Directions for this task →
Once the line containing "El traje de" is reached, copy it and every line after it exactly, to the end of the material, without pictures.

Source data →
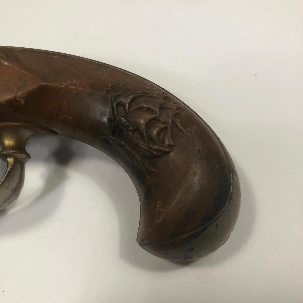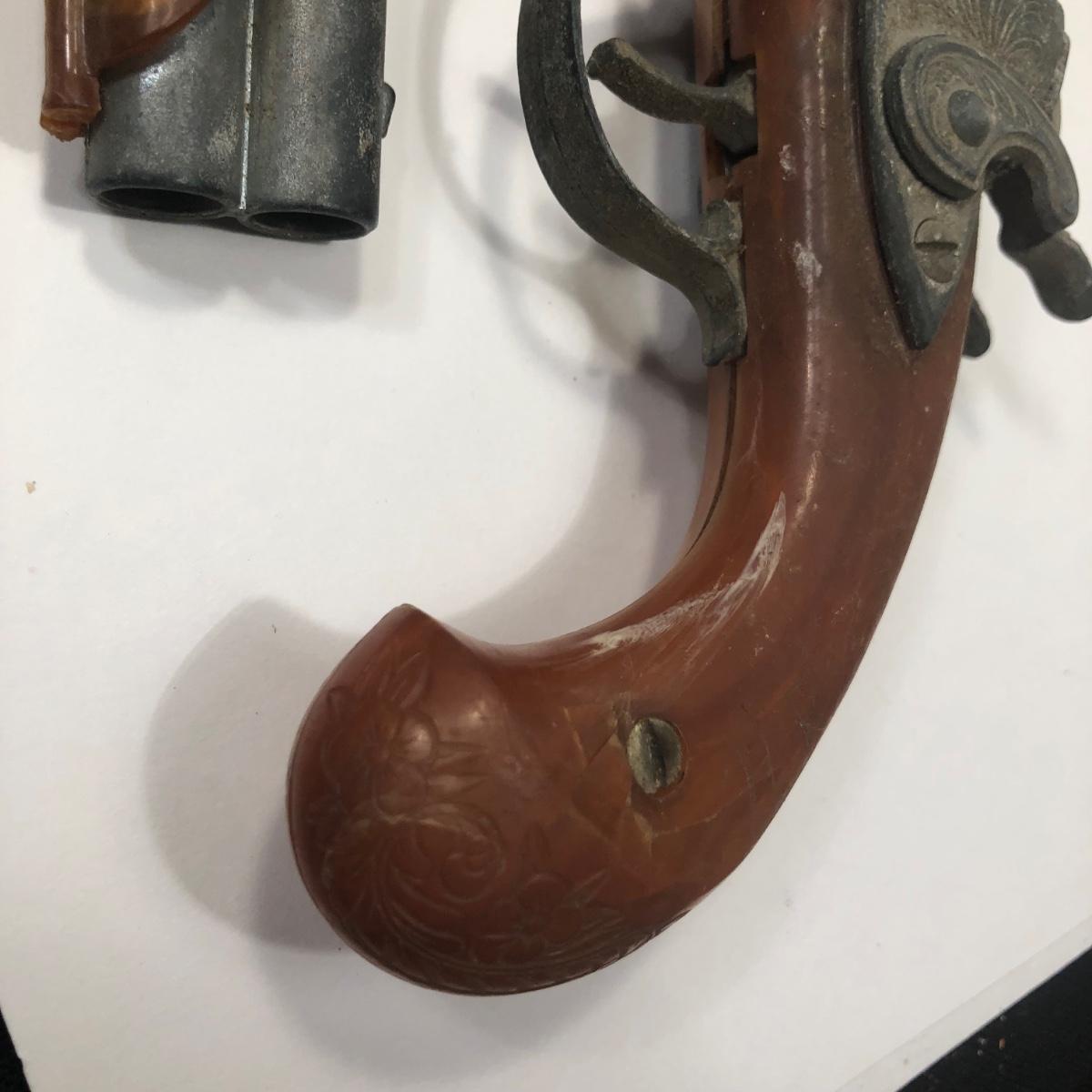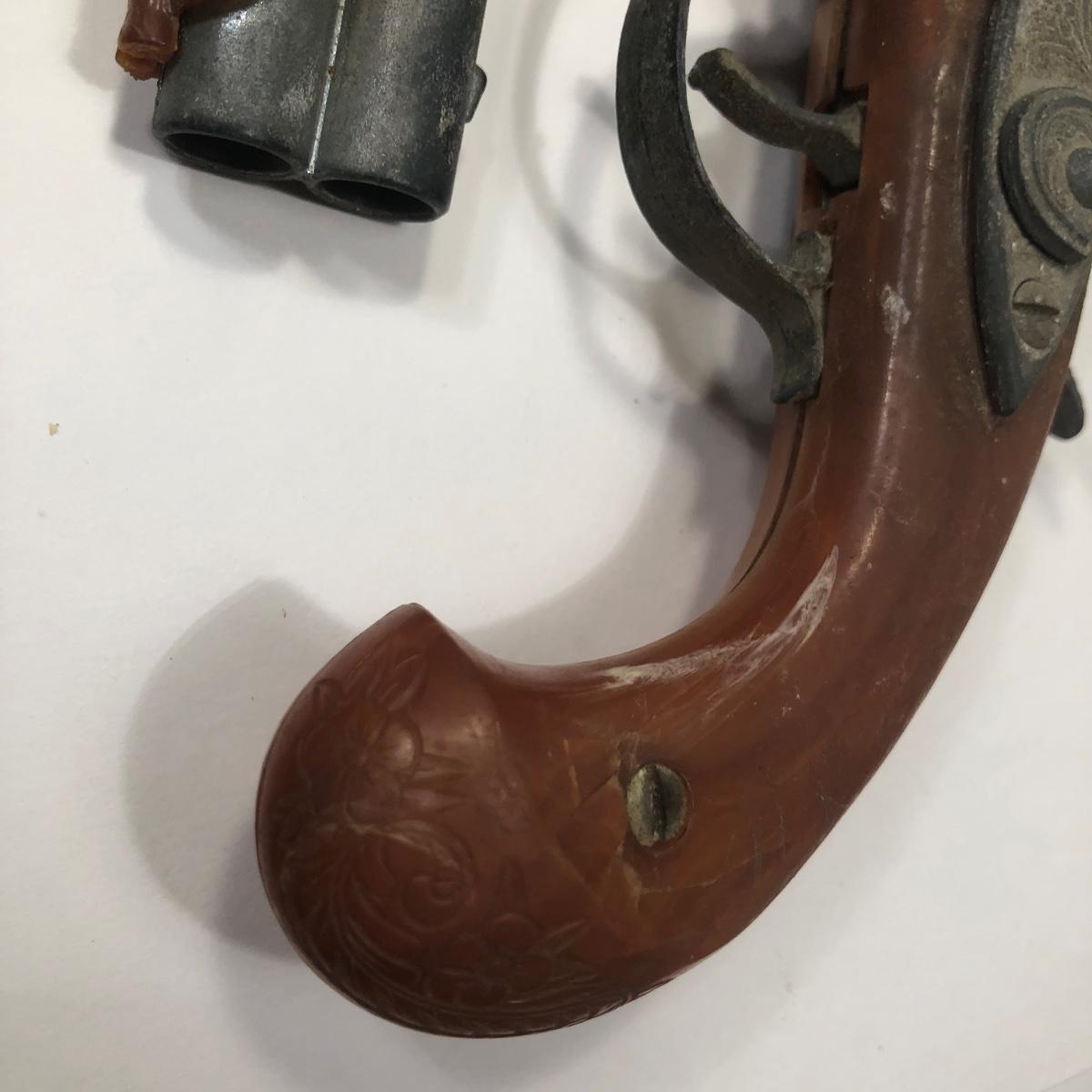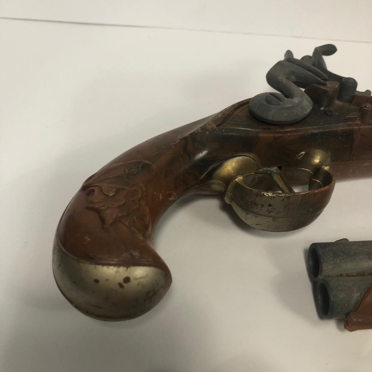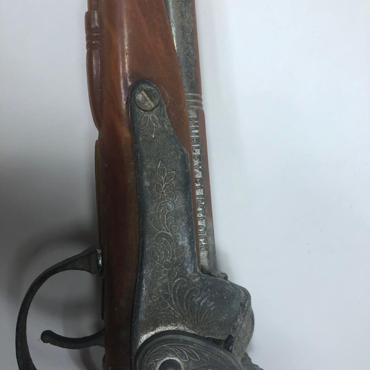 LOT 113: Two 1950s Hubley Flintlock Pistol Cap Guns, Davy Crockett Plastic Pistol Toy & More
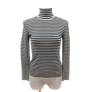 ミラオーウェン Mila Owen ニット カットソー タートルネック ウール ボーダー 長袖 0 黒 ブラック 白 ホワイト /MS レディース
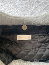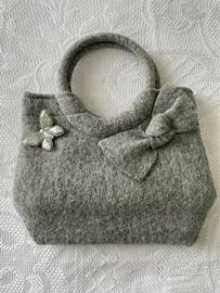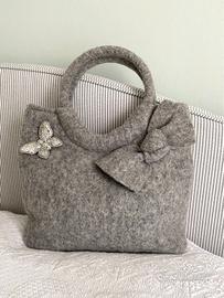 Borsa in lana cotta grigia Accessorize venduta con spilla farfalla colore argento Accessorize. In ottime condizioni. Con taschina interna con cerniera e chiusura con poussoir. Dimensioni: larghezza: 33 cm, h. 21 cm e manico circolare di diametro 15 cm
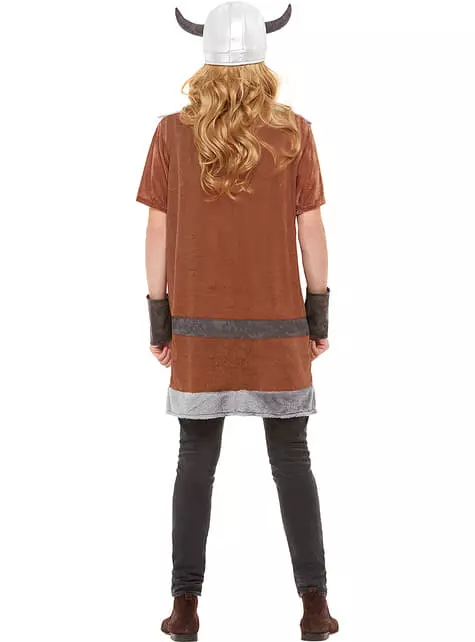 El traje de vikingo para hombre se compone de una túnica marrón y gris de manga corta, un look igual al que llevaban los vikingos. También incluye un caso plateado con dos pequeños cuernos en los laterales y el brazelete marrón, uno de los símbolos más importantes para identificar a los vikingos.
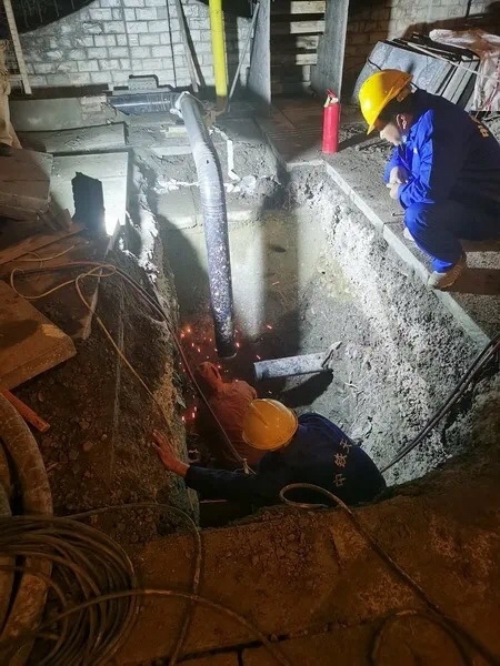 4月14日7时,8号线高朋大道站G出入口燃气顺利碰管实现接驳。

Expected answer →
 El traje de vikingo para hombre se compone de una túnica marrón y gris de manga corta, un look igual al que llevaban los vikingos. También incluye un caso plateado con dos pequeños cuernos en los laterales y el brazelete marrón, uno de los símbolos más importantes para identificar a los vikingos.
 4月14日7时,8号线高朋大道站G出入口燃气顺利碰管实现接驳。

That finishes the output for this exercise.